Since the present study mainly focused on verifying the ability of mHsPUM1-HD to bind specifically to its target sequence, we did not apply any quantitative test, in this regard. However, quantitative approaches are warranted to provide an in-depth image of the binding affinity and specificity of this engineered protein, which will be analyzed in our future studies.
Cotransfection of HEK-293 cells with plasmids expressing Firefly luciferase (under the control of HCV IRES) and mHsPUM1-HD resulted in a 40% decline in Firefly translation. This decline showed that HCV IRES-dependent translation can be altered by this engineered HsPUM1-HD. Indeed, mHsPUM1-HD was designed to bind to stem-loop III of IRES, which has been shown to be responsible for interaction with eIF-3 (19). Although the detailed mechanism is yet to be defined, binding of mHsPUM1-HD to its target appears to interfere with eIF-3 binding and subsequent interactions with 40S ribosomal subunit. While some current strategies, such as the use of RNAi or aptamers, can reduce the translation level to some extent (13, 20-22), our approach differs from these methods, as it can be effective in organisms or cellular compartments where aptamers or RNA interference machinery is not available (17).

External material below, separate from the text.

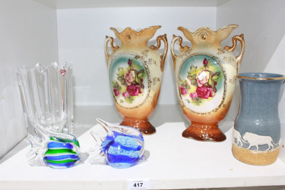 pottery vase with lion design, Orrefors crystal vase and a pair of fish form paperweights with origiinal labels -

Our knowledge about gene therapy and expression tools also enables us to stably express mHsPUM1-HD in vivo, whereas the delivery and in vivo stability of antisense oligonucleotides are still difficult to control (17). Moreover, this RNA-binding module, which recognizes an 8-nt target sequence (23), has target discrimination power; similar to that of miRNAs, which recognize the targets mainly by a 7- or 8-nt seed match (24), resulting in possible off-target effects. In case of mHsPUM1-HD, off-target effects can be minimized by using two tandem PUM-HDs (15, 16) or a PUM-HD with more repeats (25), providing additional binding specificity and selectivity, while this concern cannot be addressed for miRNAs (26).

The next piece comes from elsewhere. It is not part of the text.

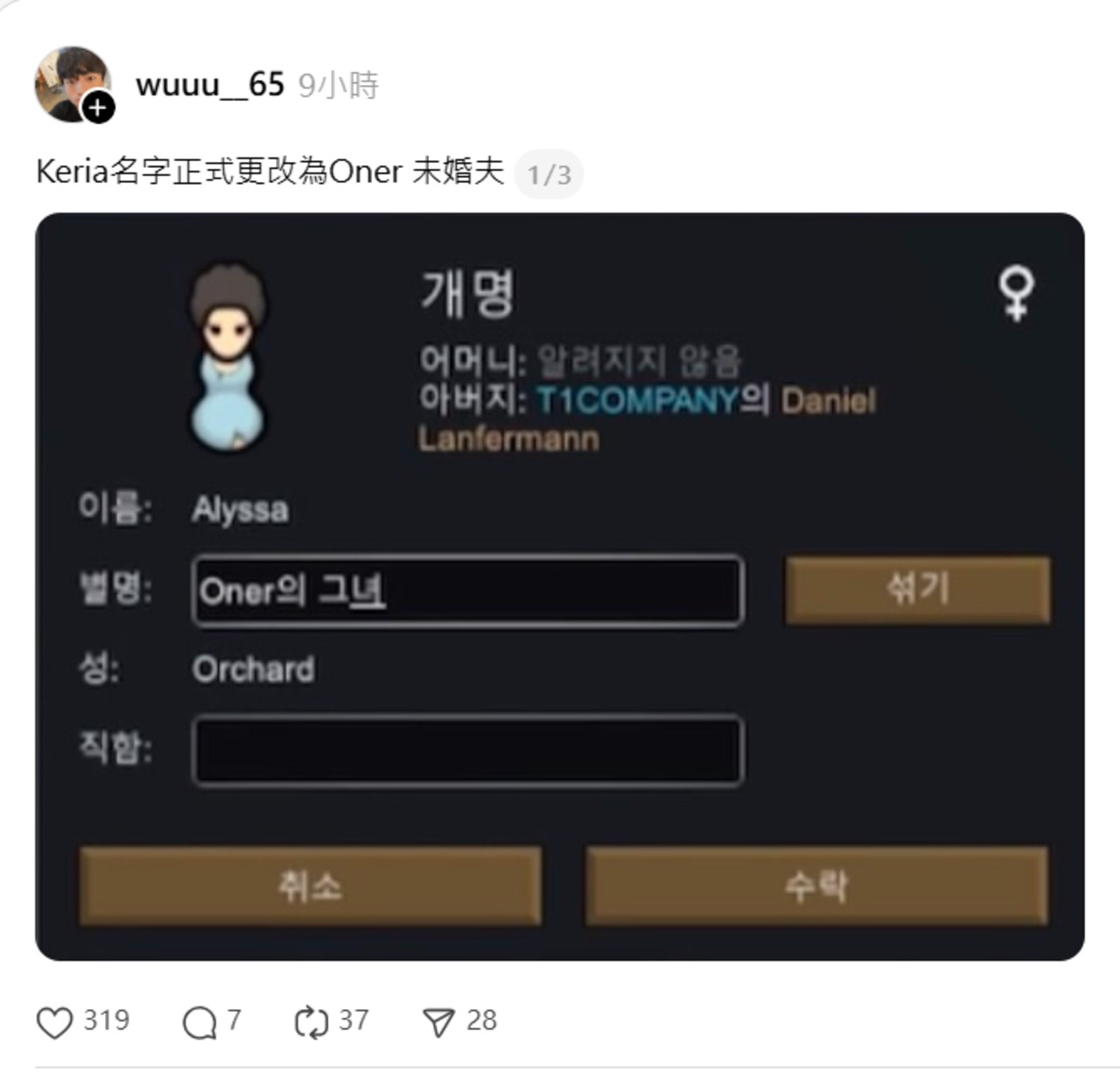 最新進度Keria名字正式更改為Oner 未婚夫

Use of PUM-HD as a targeting element also provides additional possibilities for the fusion of different functional domains, while tissue-specific expression is maintained with appropriate promoters (26). As such, this strategy can be applied for engineering translational regulators (14), RNA probes (15, 16), splicing factors (17, 27), and RNA endonucleases (28).

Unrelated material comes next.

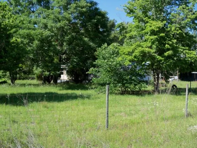 Great homesite with well and septic with paved road frontage. Partially fenced corner lot with a extra tall pole barn (tall enough for 18 wheelers to pull under). A portion of the pole barn has a storage space that could be converted to a lockable tool storage space. Mature nice trees, shrubs. Mobile home has been removed. Part of old, 12x12 storage building in the process of being demolished, being sold "AS IS".

As indicated, a properly designed HsPUM1-HD can repress the translation of HCV with high selectivity. These potentials and several other advantages can support this protein as a candidate for anti-viral therapy. They include affordability for diverse applications such as therapy and the possibility to modify mHsPUM1-HD to target a sequence within the viral genome, which is highly conserved in all virus strains (leading to the reduced emergence of resistant viruses). Moreover, cellular tolerability of this natural protein is a further advantage. However, further studies are required to determine whether expression for more extended periods with different levels will induce toxicity.
This study is the first description of a designed HsPUM1-HD protein, aimed to test the repression of HCV IRES-dependent translation. With regard to the results obtained in this study, further investigation is being performed to elucidate the ability of this protein in reducing HCV replication in Huh7.5 cells. Evaluation of mHsPUM1-HD antiviral effects on other viral infections, along with the improvement of mHsPUM1-HD potency and specificity through the fusion of effector domains, remains to be addressed in future studies.